Im Zoo von Liberec in Tschechien ist eine Mähnenrobbe gestorben, weil sie den Kopf einer Spielzeugpuppe verschluckt hat. Das hat die Obduktion ergeben, wie der Zoo am Dienstag mitgeteilt hat. Der Fremdkörper wurde am Übergang vom Magen zum Dünndarm gefunden. Die Tierpfleger haben das 17 Jahre alte Männchen namens Hugo am Samstag in der Früh leblos im Gehege entdeckt. Hugo war die letzte Mähnenrobbe im Zoo der nordböhmischen Stadt. Seit 1975 gibt es dort diese Tiere.
Laut Zoo wurde der beschädigte Körper der Spielzeugpuppe schon zwei Tage vorher aus dem Robbenbecken gefischt. Es habe aber nichts darauf hingedeutet, dass Hugo Teile davon verschluckt hat. Er hat ganz normal gefressen. Außerdem ist eine Narkose für eine Röntgen- oder Ultraschalluntersuchung bei älteren Tieren immer mit einem großen Risiko verbunden.

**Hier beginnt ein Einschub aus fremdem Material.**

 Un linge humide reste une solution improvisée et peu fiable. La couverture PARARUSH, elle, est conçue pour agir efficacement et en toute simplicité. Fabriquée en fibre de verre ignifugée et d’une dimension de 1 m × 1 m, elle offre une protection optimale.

So ein Vorfall ist leider nicht zum ersten Mal passiert: Im Jahr 2009 hat das Robbenmännchen Nico einen großen Stein verschluckt, den ein Zoobesucher ins Becken geworfen hat. Das Tier hat eine Notoperation nicht überlebt. Vor rund zwanzig Jahren wurden bei einer Obduktion im Magen des Männchens Felix 7,5 Kilo Fremdkörper gefunden, wie die tschechische Nachrichtenagentur CTK berichtet hat.

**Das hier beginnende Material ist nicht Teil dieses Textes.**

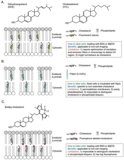 Scheme of visualization of cholesterol in cellular membranes by fluorescent sterols (A) filipin (B) and fluorophore-labelled cholesterol (C) Methodology, benefits and limitations of each cholesterol biosensor are described. Threshold for cholesterol-binding to filipin, 5 mol %, is shown ([]; B).
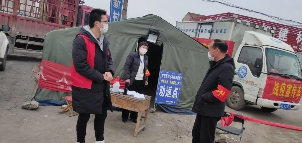 预备党员陈泽贤在村口执勤点负责人员出入登记
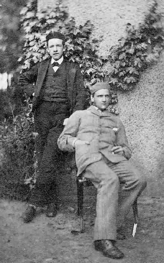 Figure 1.--Here we see two boys who we believe to be schoo friends of William Robinson. The photograph was taken in 1878 outside Chart Sutton Vicarage. Kite is yet another person wearing the unusual smoking hat style of cap. Unfortunately, we do not know what school the boys attended. The age of the boys suggest it was a public school. |
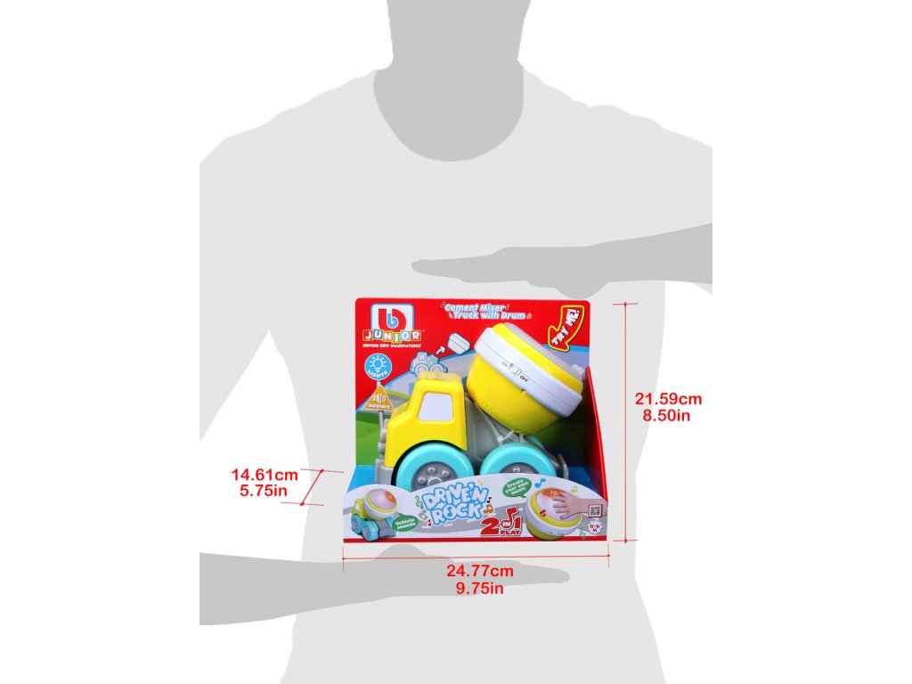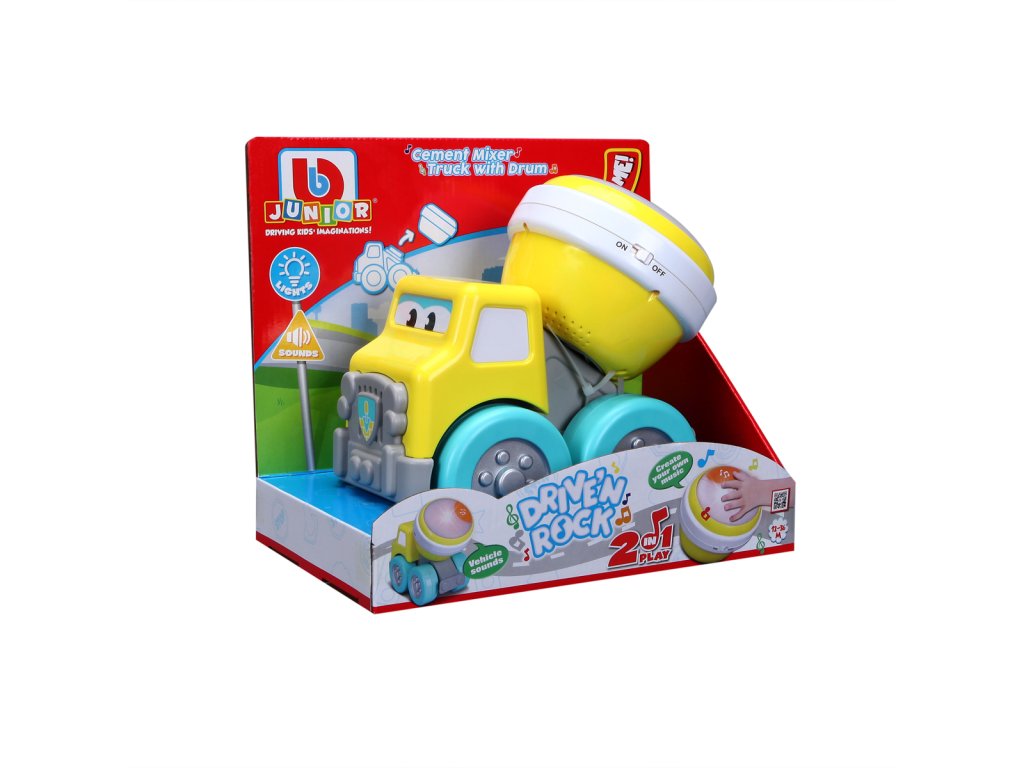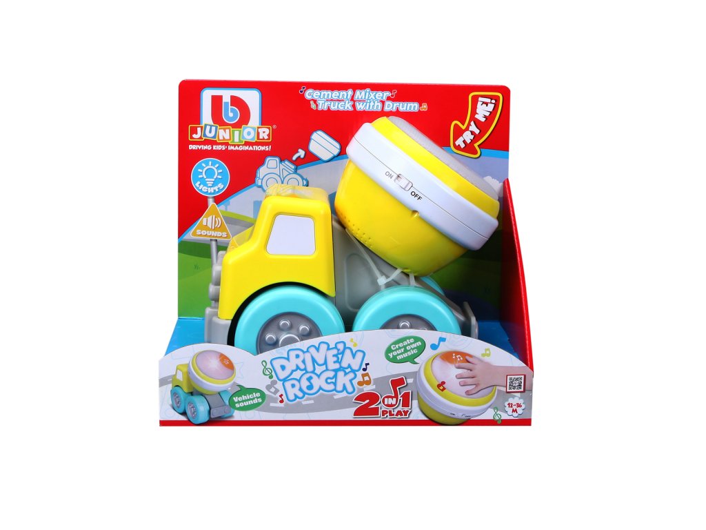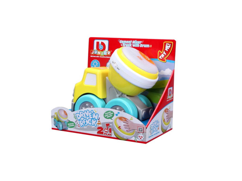 Míchačka s bubínkem Drive 'N Rock od BB Junior zaručuje spoustu zábavy pro malé děti. Toto barevné autíčko s míchačkou má odnímatelný bubínek a představuje tak hračku 2 v 1. Bubínek má dva různé herní režimy, přednastavené melodie nebo možnost volné hry. S tímto autem ´´Drive N Rock´´ můžete přinést Rock 'N Roll do pokojíčku svých dětí a učit je hru na hudební nástroj, ale také podpořit jejich koordinaci ruka-oko. Funguje na 2 baterie AAA, které jsou součástí. Vhodné pro děti od 12 měsíců. Velikost auta 7,9” (20,5 cm). Rozměr balení: 21,6 x 24,8 x 14,6 cm.

Trotz des unerwarteten Todes möchte der Zoo mit der Sanierung des Robbengeheges weiterzumachen, die seit dem Frühjahr läuft. Jetzt wird geprüft, ob neben zusätzlichen Überwachungskameras noch weitere Sicherheitsmaßnahmen notwendig sind. Wann neue Tiere einziehen ist bisher nicht klar. Sicher ist aber: Es werden wohl keine Mähnenrobben mehr sein, sondern kalifornische Seelöwen, die in Zoos öfter zu sehen sind.